No, the primary_extension is only used in a gists_helper.rb file outside the Linguist repos. Note that the feature is deprecated anyway.
https://github.com/github/linguist/blob/master/lib/linguist/...
> Basically, Github needs to be accepting of programmers of all stripes, or they are destined to be irrelevant (or at least doing lots of scrambling) once the trendy kids move on from the trendy things they're doing and the currently-popular languages start falling out of style with a reversion to a previous status quo. Github needs to accept that there is a vast wealth of code out there which predates it and which will easily postdate it.
Okay there, buddy. I don't think lack of Lingo support is going to be GitHub's eventual downfall.
[1] https://reference.wolfram.com/mathematica/tutorial/Mathemati...
Of course that PR isn't being accepted either.
The software crisis spelled out in a single sentence.
Luckily I use languages popular enough to be classified correctly.
In other words, it seems like the overall design wouldn't be hurt too much by just extricating primary_extension completely.
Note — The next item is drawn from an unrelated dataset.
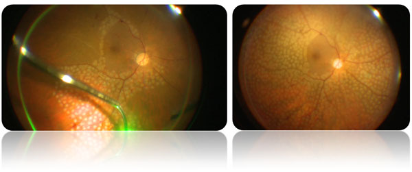 Figure 1. Fundus photography of a patient treated with the diagnosis of proliferative diabetic retinopathy prior to argon laser (left) and following the treatment (right). The pale white dots on the retinal photograph below are laser spots.

Best-case scenario, primary_extension is equivalent to always having at least one item in extensions. It does nothing else.
Also, this looks like a bug: "if possible_languages.length > 1 ... else possible_languages.first" What if length is 0? That's not greater than 1. I'm not familiar with Ruby, does first return null on an empty array, or does it error? LINQ in .NET has separate First<T> and FirstOrDefault<T> methods: one errors, the other returns default(T) (which is null in the case of reference types). Or is there a default match in the index that occurs when no other language is found? https://github.com/github/linguist/blob/master/lib/linguist/...
Not instilling a lot of confidence that someone really thought through this bit of code. I'm not saying I very strictly think through everything I write, but I also don't write software for thousands of users, and I acknowledge that I've grown rather complacent in terms of time spent per unit code.
Code that commonly resides in .asp files is completely different from code that commonly resides in .aspx files. They are not synonyms for each other. Also, I would wager that C# aspx files are a tad more common than VB.NET aspx files.
It's even worse than lumping together .c and .cpp. You at least have some chance of getting .c files to compile in a C++ compiler. There is no chance of running ASP code through the ASP.NET engine.
This is why "ASPX" as a term exists, to differentiate from ASP.
In my years of experience online, trolling was specifically riling someone up by saying things the troll doesn't really believe.
Trolling isn't disagreeing that a workaround is sufficient to ignore an actual issue. But that's just my opinion.
At worst, it is confusing to implementers and requires chicanery to work around... which is exactly the case we're in. We're in the worst case scenario for this bit of code, and there is no upside to its best-case scenario. Just delete the code.
Long-term this is probably the right solution, but why go through all this trouble right now if there is a simple workaround? It seems like the only problem right now is a few people's pride.